Mankind Divided subjected me to systemic prejudice countless times over my two play-throughs, yet its release trailer focuses on empowerment — showcasing all the superpowers you can use to conquer foes (which are limited in-game). This isn’t false-advertising, this is broad-shouldered video game advertising at its smartest. Square Enix knows players want “do what you want” simulators — regardless of whether or not they have themes of social injustice.
Power sells games.
Listen closely. The voiceover points to this power-focus: “If you try and rip the world apart, someone will always put it back together… You can kill freedom. But you can’t kill progress.” You are that someone and that progress is a super-charged robot fist — with a dozen beat-up-oppressor abilities.
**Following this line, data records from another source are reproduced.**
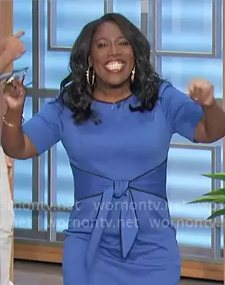 Sheryl Underwood on The Talk on CBS was spotted wearing this blue tie waist dress on The Talk on Jan 16 2024's episode.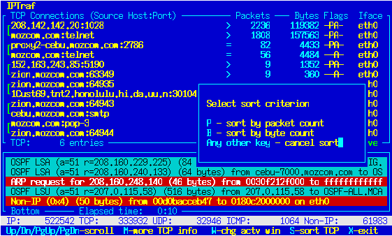 the IPTraf program. This is highly unusual, and should it occur, report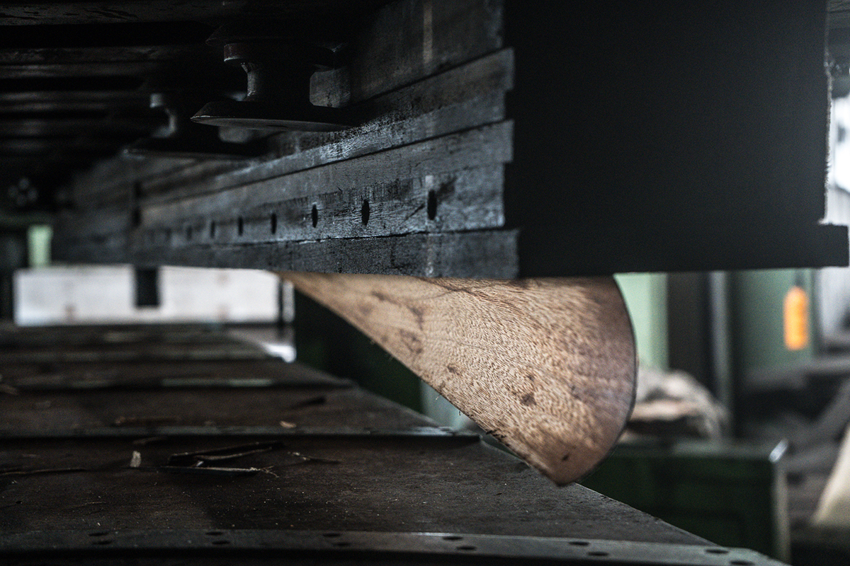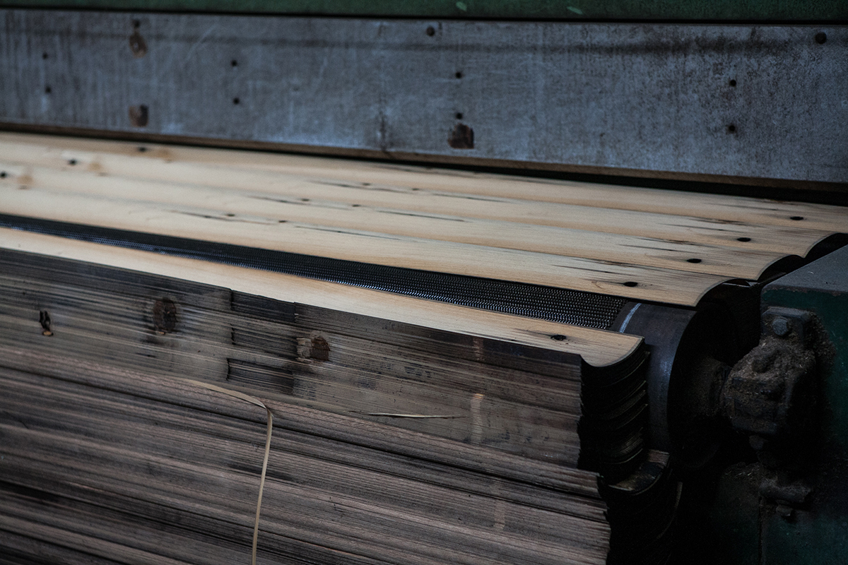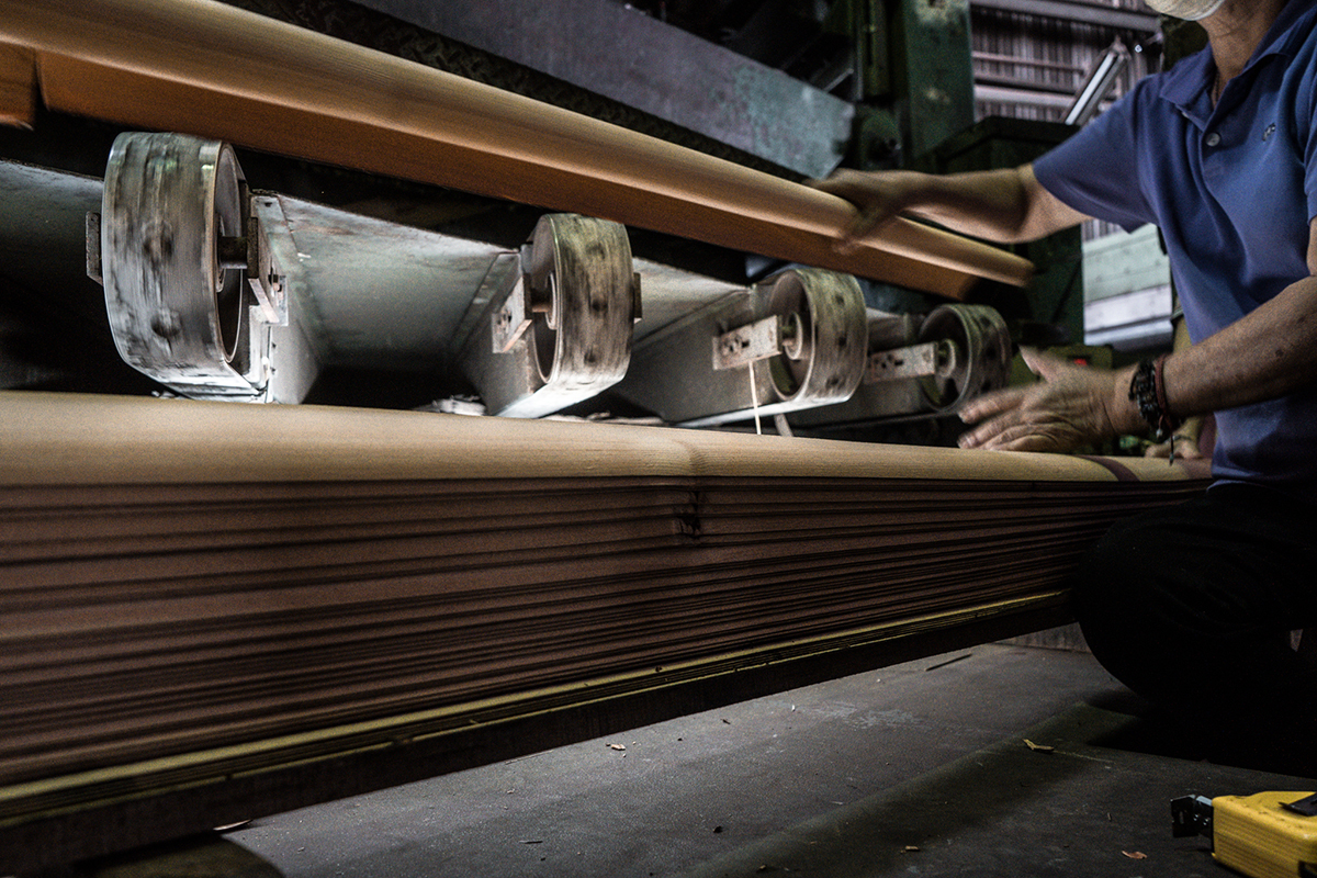 機台上的刀片來來回回,將門斗刨切成1mm厚的木皮。

You have to make players feel powerful and in-control. As such, Deus Ex games are in a bit of a bind: as stealth games where hiding and hacking are often preferable to all-out power-punching elbow-katana cyborg battles. But this is where we can learn from Mankind Divided’s lack of restraint and subtlety in the trailer: it harps on the power-usage. Then it builds towards the P.E.P.S.arm-gun-blast conclusion. It ends leaving viewers feeling like they can do anything (as Adam Jensen).
There’s a lot of challenges and problems to this. I could belabor Lord of the Rings’ “lust for power” theme or address how weird it is to cast a white guy (working for the most powerful people in the world) as a “victim” of social oppression. But that’s the game’s responsibility to handle with tact and nuance. The trailer’s job is to get players in the door — to make the would-be players feel the power to do as they will.
This “do-as-you-will” emphasis makes people feel like kings. And it’s why they pick up the controller to begin with.